**Work to be completed:** Note the line containing "Crafted in 18K"; from it through the last line below, give only those lines again, exactly, both ends included, skipping pictures.

[Saved data entries]
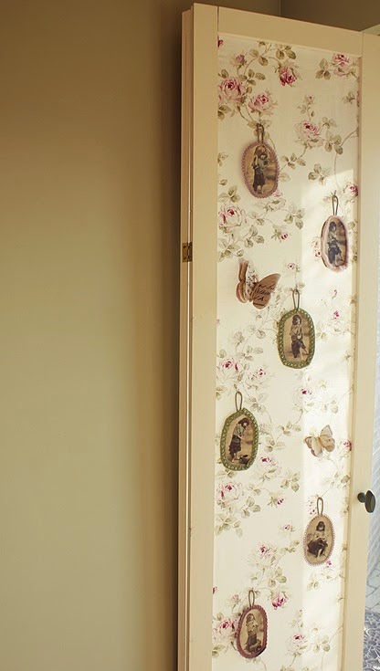 Op één paneel heb ik een paar kaarten en vlinders gestoken met een parel speld. Wel door de rozenstof maar niet door de voering geprikt, zo zie je de spelden niet aan de achterkant. De achterkant heb ik niet op de foto maar dat is gewoon uni effen crème stof.
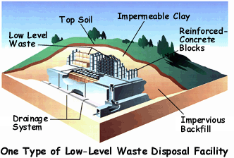 สถานที่จัดเก็บกากกัมมันตรังสีแบบถาวรสำหรับกากกัมมันตรังสีระดับต่ำและกลางเป็นสถานที่จำเพาะ ออกแบบให้มีความทนทานต่อการเป็นแปลงสภาวะภายนอกและป้องกันการรั่วไหลของกากกัมมันตรังสีรวมทั้งลดระดับความแรงรังสีได้เป็นอย่างดี ตั้งอยู่บนผิวดินหรือลึกลงไปในระดับ 3-4 เมตร มีฐานและผนังทั้ง 4 ด้านเป็นคอนกรีต ภายหลังจากที่บรรจุถังใส่กากกัมมันตรังสีจนเต็มพื้นที่แล้วจะทำการเทซีเมนต์ลงไปให้เต็มพื้นที่เพื่อเป็นการผนึกอีกชั้นหนึ่ง หลังจากนั้นจึงปิดผนึกผนังด้านบนและทำการถมดินให้เต็มพื้นที่ สุดท้ายแล้วจึงทำการป้องกันไม่ให้มีการใช้พื้นที่ในระยะเวลาที่กำหนด (100-300 ปี)
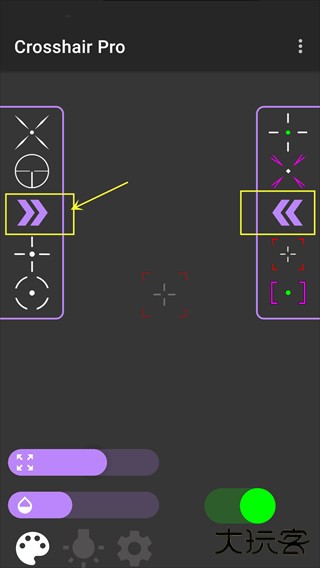 3、当然软件内的准星类型远不止展示的这些,可以点击下图所示的箭头按钮查看更多的准星类型。
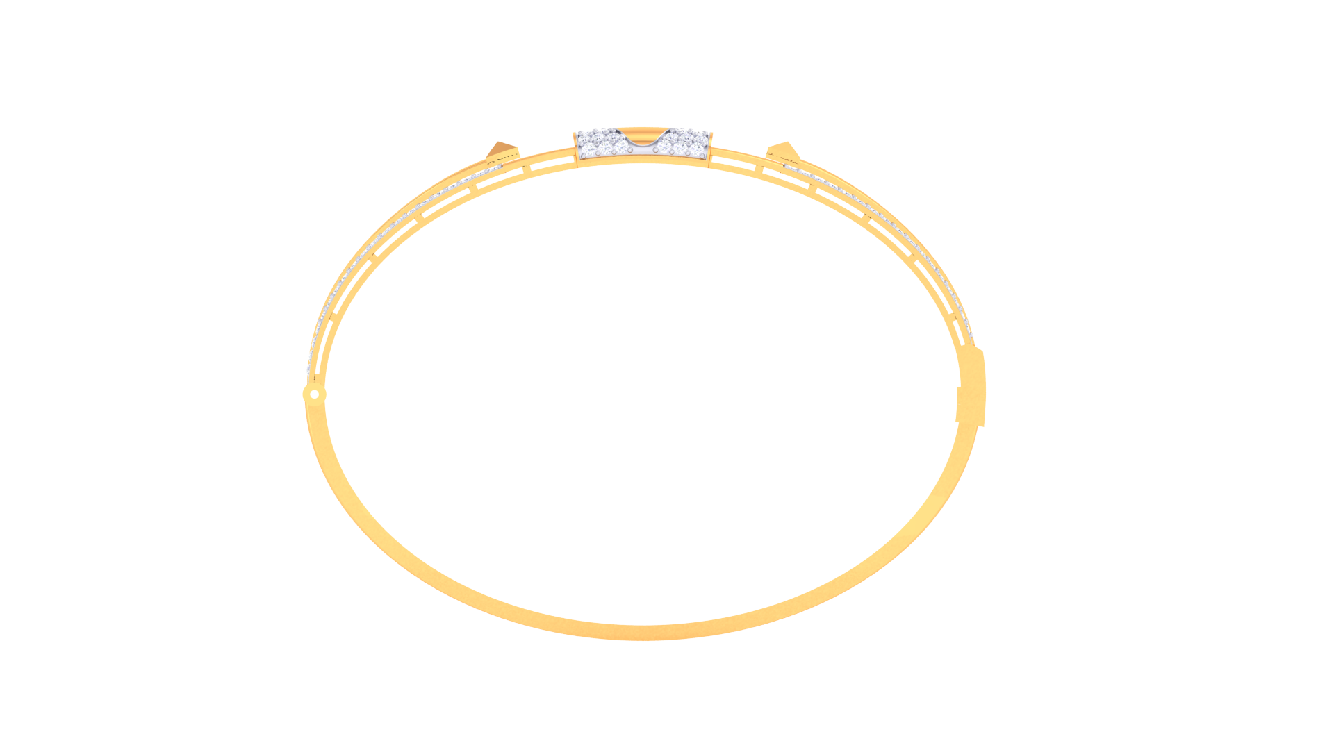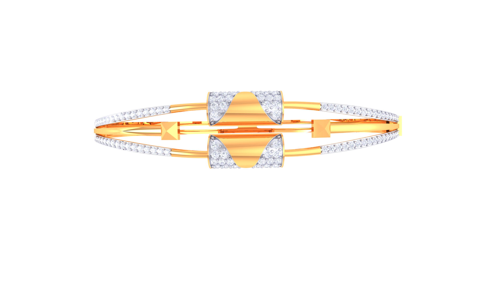 Crafted in 18K gold and weighing 8.42 grams, this bangle is a bold expression of symmetry and sparkle.
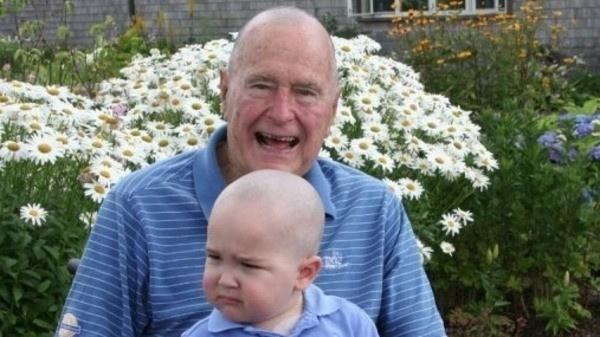 جورج بوش الأب يحلق رأسه تضامناً مع طفل مريض بالسرطان
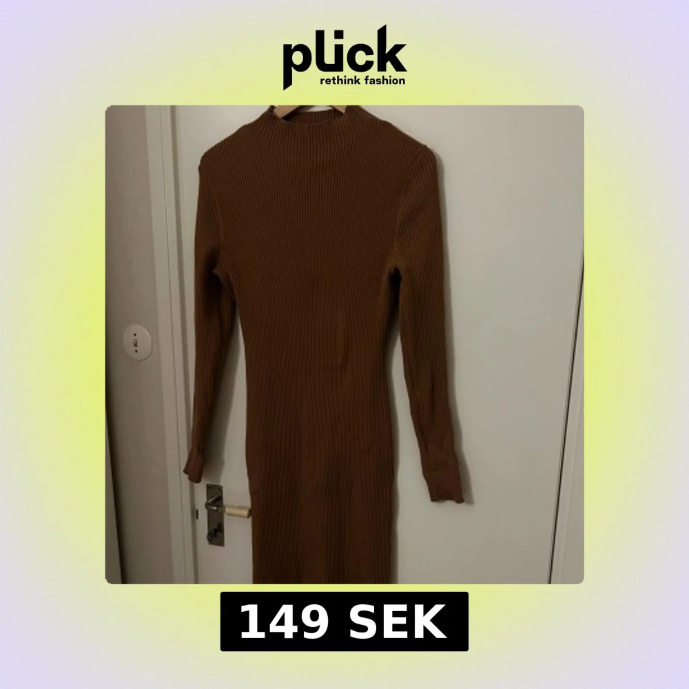 Säljer en brun ribbad långklänning med lång ärm och hög hals. Materialet är mjukt och stretchigt, vilket gör den både bekväm och stilren.

**Exercise response:**
 Crafted in 18K gold and weighing 8.42 grams, this bangle is a bold expression of symmetry and sparkle.
 جورج بوش الأب يحلق رأسه تضامناً مع طفل مريض بالسرطان
 Säljer en brun ribbad långklänning med lång ärm och hög hals. Materialet är mjukt och stretchigt, vilket gör den både bekväm och stilren.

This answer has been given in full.